My cat is from Sun Valley and definately has a Sun Valley attitude. He doesn't meow, he merely looks at you as if you as if you might be intelligent enough to know what it wanted. As for the aquariums, he looks at them but it seems as if he is picturing my Naso Tang in a nice hazelnut crust, with a light Beurre Blanc....but never sushi.......


----------



## kimmie (Mar 13, 2001)

Got a cat sitter for a week, 3 long-haired cats, $100/week. She came twice a day, even turned on the radio. Grooming was included and she even vacuumed!!

That was 1990...


----------



## isa (Apr 4, 2000)

My cat likes television, shows with birds or fish. She can watch TV for 45 minutes, if she likes the show. 

I used to tape bird shows for her but stopped cause she was getting addicted, would sit in front of the TV and miaw until I put in her tape.


----------



## alexia (Mar 3, 2002)

Off topic: Any suggestions for tempting my aged cat to eat? The last day or so she has been off her feed - literally. I have given her cyproheptadine which is supposed to stimulate her appetite, no success. She has eaten some baby food that I have hand fed her. I tried a a bit of specially cooked pork and even a bit of sausage (she tends to like spicy foods). Half and half, no luck.

She's 19 and always a picky eater. I give her subcutaneous fluids to compensate for her failing kidneys and have increased the amount somewhat to be sure that she at least does not dehydrate. 
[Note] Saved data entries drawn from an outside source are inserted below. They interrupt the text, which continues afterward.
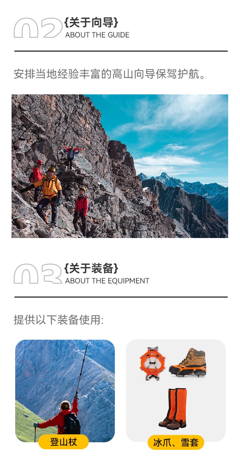 4.登山协作:户外专业认证领队和专业职业高山向导。
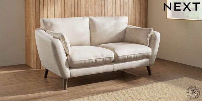 6.12.1 Buy Orlo Relaxed Sit 3 Seater Small Sofa Plush Chenille Oyster Retro Tapered - Mid from the Next UK online shop Click here to use our accessible website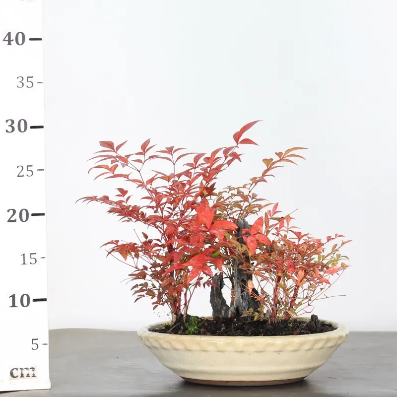 Place it outdoors year-round in a spot with alternating sun and shade, sheltered from cold or drying winds. Sacred bamboo is suitable for all climates thanks to its hardiness. If the climate is too windy or too cold (below -12°C), protect it by wrapping the pot with horticultural fleece or fiberglass to protect its roots from frost.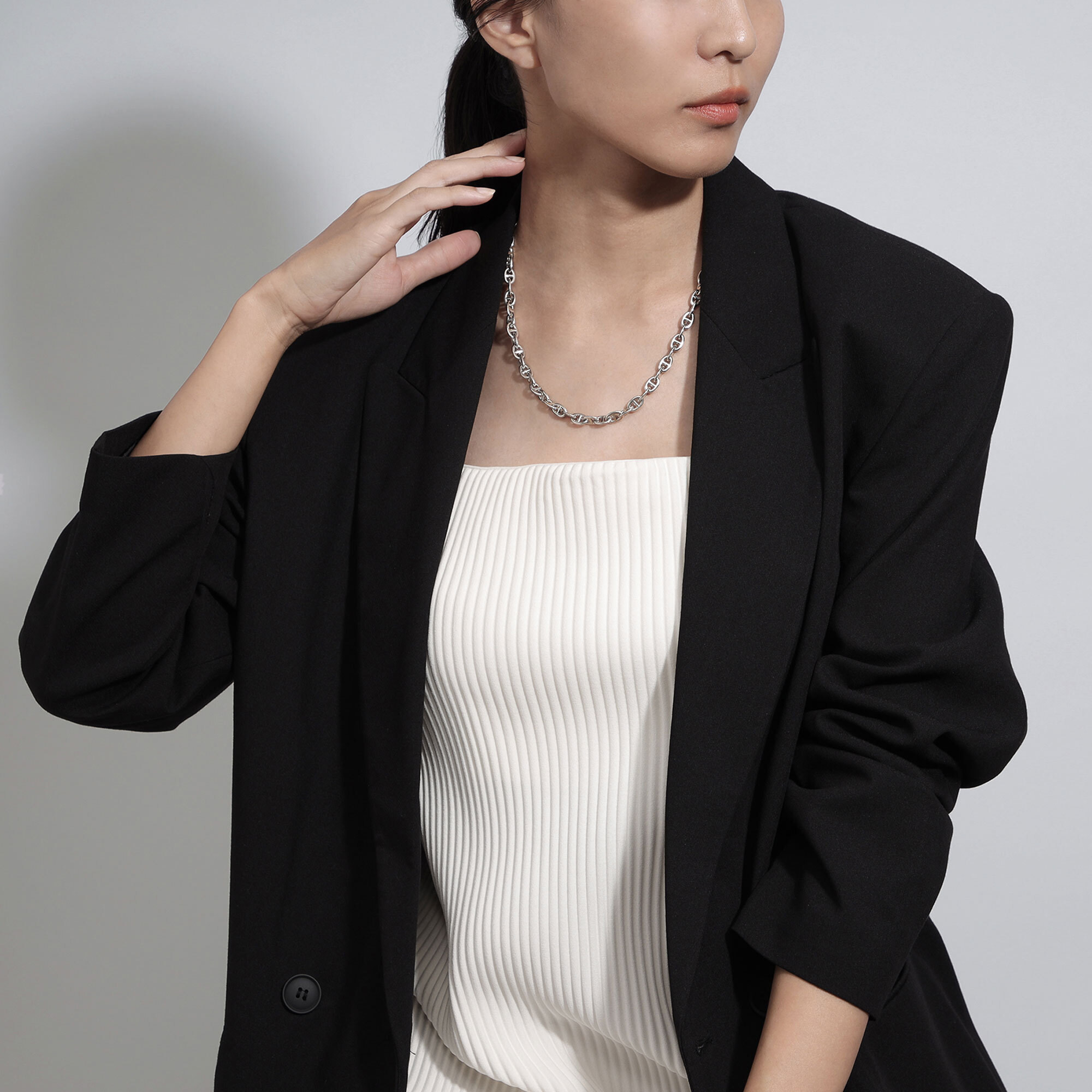 首周りの繊細な肌に直接触れるアイテムだからこそ、1コマずつ丁寧に磨きを入れた肌触りの良い仕上げに拘り、しっとりと身体に寄り添うネックレスに仕上げました。

Any sure fire treats out there?


----------



## lotuscakestudio (Jun 28, 2001)

Well we got back on Monday night earlier than expected and they hadn't been fed yet. I told the sitter we feed them around noon, but I am not one of those neurotic owners who feeds them on a strict schedule. I knew she got off of work at 3 pm so I told her that time was fine. I was in the shower and when I came out, my husband said she came by to feed the cats, but saw we were already home and just dropped off the keys. She had to work late and went home to take a nap and overslept. So no big deal. They would have eaten a few hours later. But then of course I only paid for 2 days, $20 total, and she was happy with it. I knew I should have introduced her to the cats beforehand. She said Bhagwan the scaredy cat was actually ok, but from the time she opened the door, Sadhu was growling at her. (Yes, he thinks he's a dog and will even play fetch). It took him a while to get used to her being around, but was still hissing and growling. She said she managed to get Bhagwan to sit on her lap. I am truley impressed! She followed my instructions about not letting them into the bedrooms as Bhagwan likes to break into my closet and put his fur on EVERYTHING. I have clothes strewn everywhere in the guest room- part laundry and part sorting of what is getting stored in the winter clothes storage chest and what is going to Goodwill, etc. So that needed to be a cat free zone too. Kitty dishes were washed, litterbox scooped, cats fed. I was happy.

W., 
I'm not so concerned if she lost my keys or not. She works the front desk in this building so if she DID lose my keys, she could easily call our cell and we could authorize her to enter our apartment. And to be honest, I would rather have my cats go without food for three days than feed them dry food. The ingredients in dry food is the worst. Way too much carbs and cats are supposed to have a 95%+ protein diet. Cats can go a long time without food and not starve. I think it's something like nine days. Of course I would never do that, but a fast here and there is actually healthy for them to give their insides a rest and cleanse. They fast in nature when they are ill, or sometimes food is just scarce and they have to go without. I watch my cat's eating habits and sometimes they are just not hungry so I don't freak out and force them to eat (like how my mother-in-law used to be and go figure, most of her cats are OBESE. I am talking pillows on little legs type of look to them). When the weather warmed up, I noticed my cats were not very interested in eating. They also just turned three and I notcied they aren't growing anymore so they need less food. They are literally eating half of what they were and the change was overnight. That's when I went down to once a day and they are back to their original eating patterns where they enthusiasticly gulp down the food. When they were forcing themselves to eat it, and leaving behind leftovers. Every now and again, I with hold food for a day. I can tell when they need a fast because they aren't excited to eat and they won't ask to be fed. Though when they were little and growing a lot, I never allowed them to fast nor were they interested. As they slowly got older, their interest in fasting slowly increased.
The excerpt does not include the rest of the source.